CBDCs are not an immediate concern, the authors said, but the government should prioritize creating regulatory standards for stablecoins


Mehaniq/Shutterstock modified by Blockworks


Current and former officials at the Central Bank of Colombia don’t foresee a central bank digital currency (CBDC) as a particularly revolutionary force in the country’s economy

“The potential macroeconomic effects of introducing this form of digital money would be limited,” the three current and one former Central Bank economists said in a new report.

CBDCs are not an immediate concern, the authors said, but the government should, however, prioritize regulatory standards that protect the financial system from potential disruption by stablecoins and other cryptoassets. 

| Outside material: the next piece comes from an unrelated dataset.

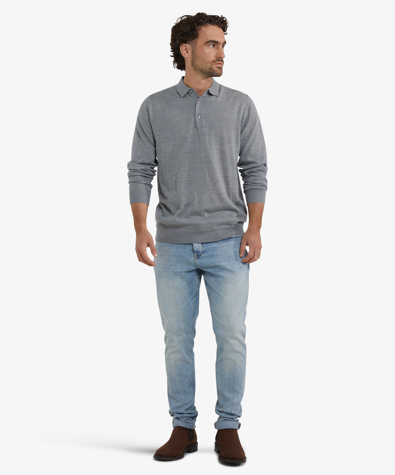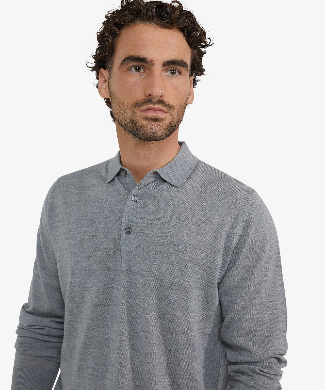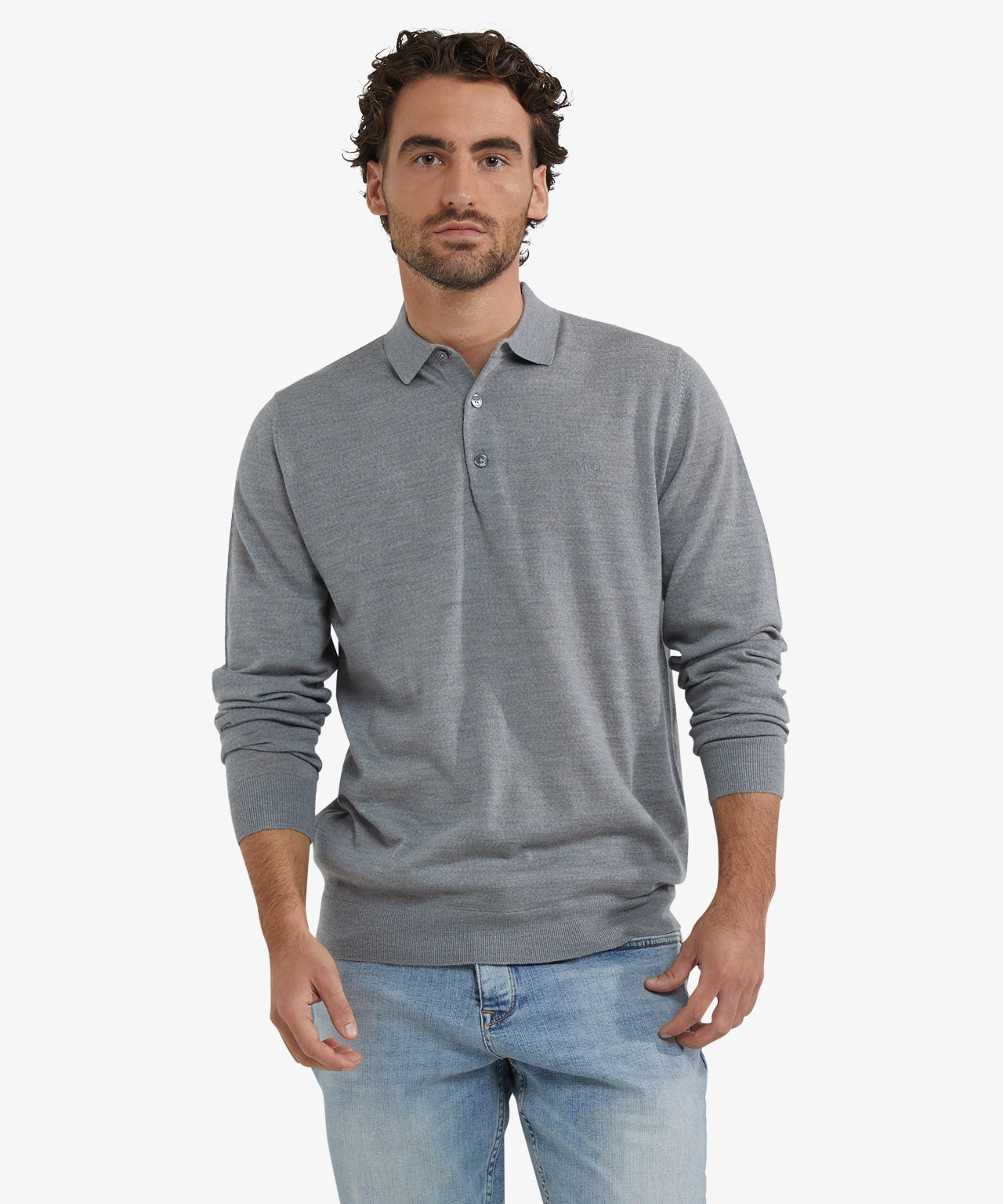 This polo sweater is made of 100% extra-fine merino wool of premium quality for a soft, lightweight, and comfortable feel. It has a regular fit, long sleeves, a ribbed polo collar, and ribbed cuffs with a three-button placket. A versatile and stylish piece that can be worn both casually and formally.

“[Cryptoassets] tend to exhibit very high value volatility which makes it difficult for them to adequately fulfill the money function of store of value,” the report notes. “This in turn increases their demand for speculative purposes rather than as payment instruments.”

Colombia currently has a very high reliance on cash; close to 75% of retail transactions are settled in cash, the report notes. The authors note that should Colombia reach a point where cash transactions become rare, “central bank money could lose its role as a monetary anchor for deposits and other forms of private money.” 

Read more: Bank of Canada finds ‘significant’ barriers to CBDC implementation

If cash use dwindles, a CBDC could help assert central bank money as the primary currency, the report adds, especially as cryptocurrencies and stablecoins gain popularity. 

The authors noted that cryptocurrencies in general pose security risks and stablecoins in particular could lack adequate collateral and reserve assets. They argue that if stablecoins become primary payment instruments, these risks intensify, authors said, as governments will have a harder time detecting and blocking illegal activities and maintaining monetary sovereignty. 

“Like other cryptoassets, stablecoins allow for a high level of anonymity in transactions. While this may be a useful feature to protect users’ privacy, in the absence of supervision and regulation this feature also facilitates tax evasion and increases the difficulty of preventing money laundering and fighting the financing of terrorism and other illicit activities.” 

The report’s authors advise the central bank to continue to monitor stablecoins and their inherent risks, as they could potentially justify issuing a CBDC down the line.